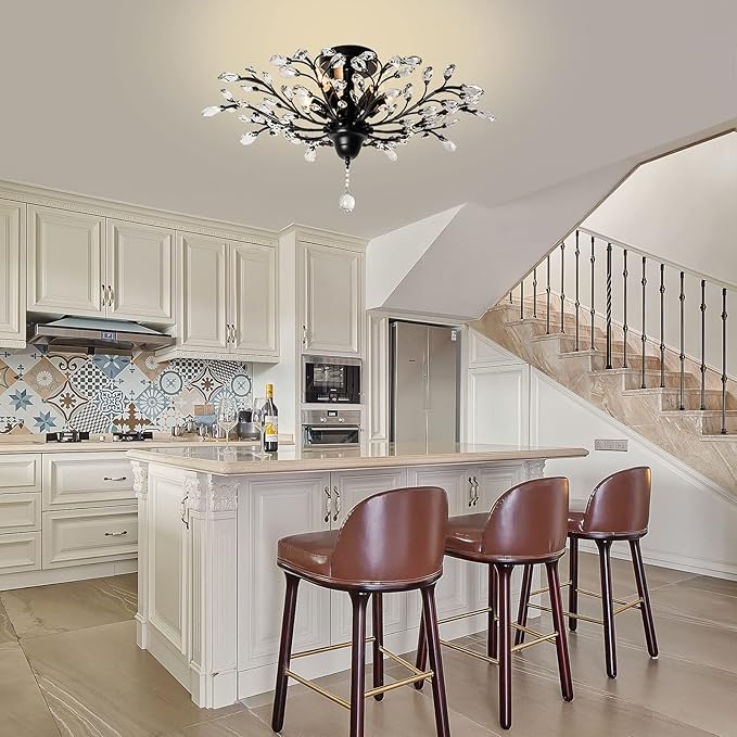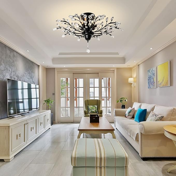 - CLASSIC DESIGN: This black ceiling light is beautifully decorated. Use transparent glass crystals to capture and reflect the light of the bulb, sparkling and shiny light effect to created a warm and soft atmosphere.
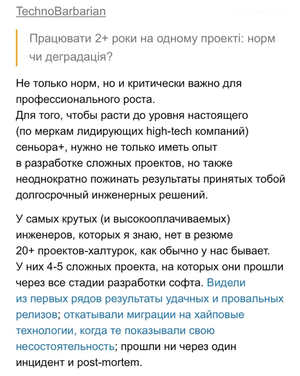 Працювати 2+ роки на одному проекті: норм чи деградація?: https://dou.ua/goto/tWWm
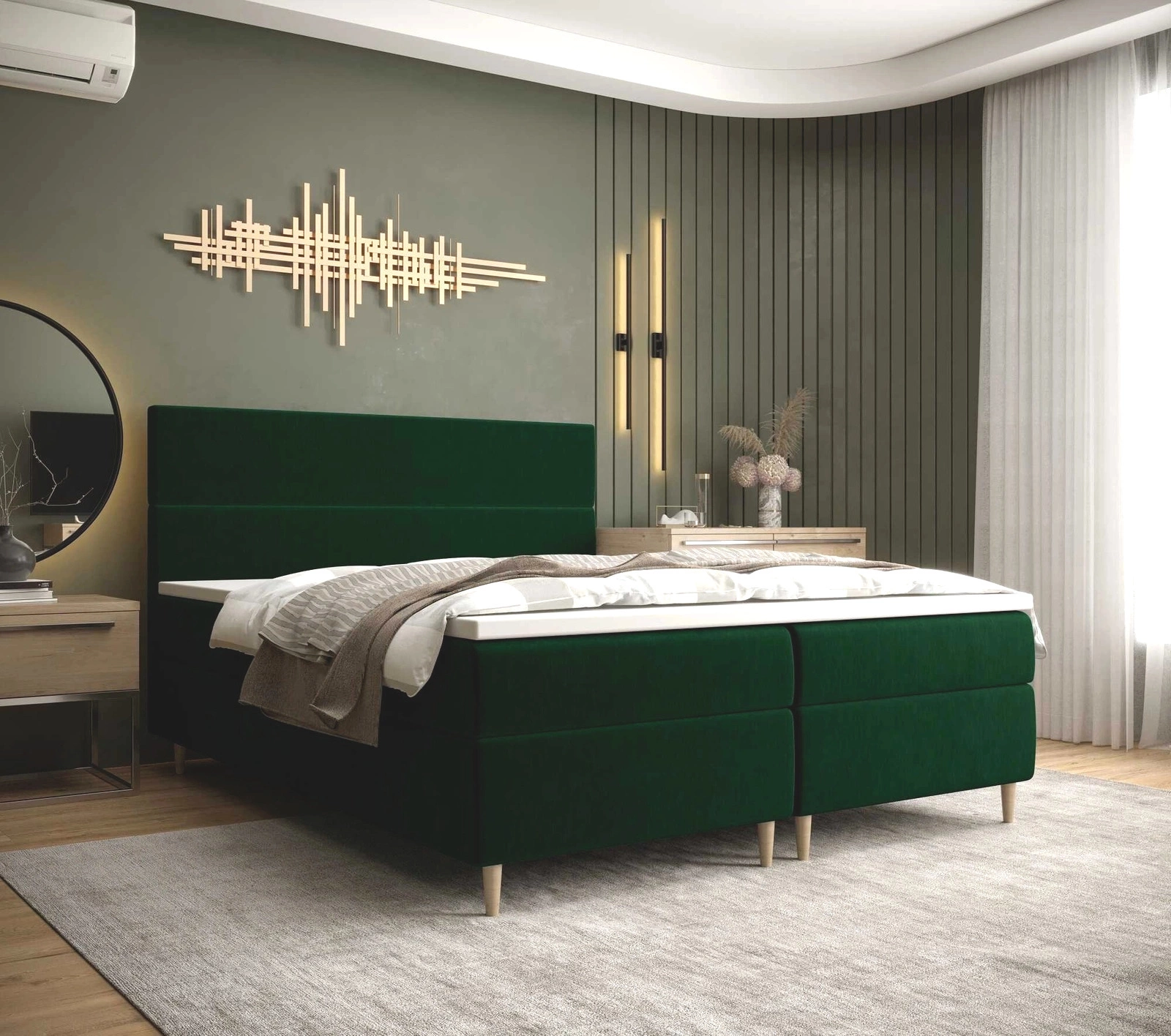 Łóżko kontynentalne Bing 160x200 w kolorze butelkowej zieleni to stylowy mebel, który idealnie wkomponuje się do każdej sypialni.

════

#### [YOUR TASK]
Exactly repeat every line from the line that includes "Працювати 2+ роки" to the end of the listing, and nothing else, leaving pictures out.

#### [EXPECTED OUTPUT]
 Працювати 2+ роки на одному проекті: норм чи деградація?: https://dou.ua/goto/tWWm
 Łóżko kontynentalne Bing 160x200 w kolorze butelkowej zieleni to stylowy mebel, który idealnie wkomponuje się do każdej sypialni.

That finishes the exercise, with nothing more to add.